== ABOUT THIS TASK ==
Would you return exactly the lines below from the line with "고급 센스 라운드 넥" through the line with "Dual-Story 3-Bedroom Barndominium", both included, and nothing else, leaving out the pictures?

== SOURCE INFORMATION ==
=-=-=-=-=

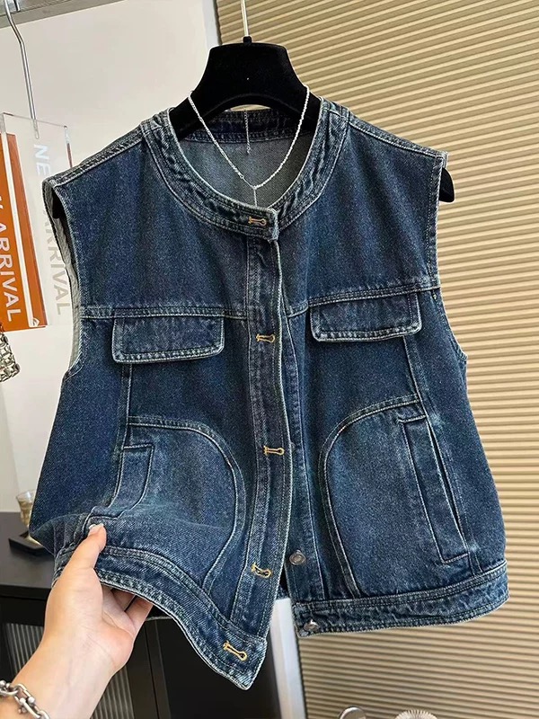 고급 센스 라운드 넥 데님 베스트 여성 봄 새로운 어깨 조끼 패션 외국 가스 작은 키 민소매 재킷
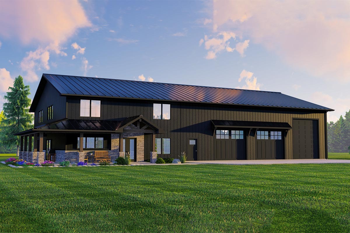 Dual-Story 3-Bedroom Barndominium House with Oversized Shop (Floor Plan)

=-=-=-=-=

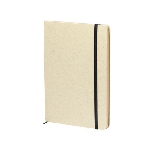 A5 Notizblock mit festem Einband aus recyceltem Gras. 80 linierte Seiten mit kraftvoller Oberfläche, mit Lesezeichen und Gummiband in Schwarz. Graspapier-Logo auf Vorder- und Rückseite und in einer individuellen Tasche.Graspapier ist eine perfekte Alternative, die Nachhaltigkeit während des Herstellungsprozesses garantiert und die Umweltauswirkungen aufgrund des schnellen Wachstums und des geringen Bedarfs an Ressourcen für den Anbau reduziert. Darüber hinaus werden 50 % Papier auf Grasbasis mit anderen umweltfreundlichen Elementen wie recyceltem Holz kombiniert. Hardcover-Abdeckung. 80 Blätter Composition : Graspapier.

=-=-=-=-=

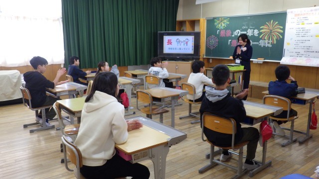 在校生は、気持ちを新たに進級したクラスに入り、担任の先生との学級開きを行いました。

=-=-=-=-=

== THE COMPLETED TASK ==
 고급 센스 라운드 넥 데님 베스트 여성 봄 새로운 어깨 조끼 패션 외국 가스 작은 키 민소매 재킷
 Dual-Story 3-Bedroom Barndominium House with Oversized Shop (Floor Plan)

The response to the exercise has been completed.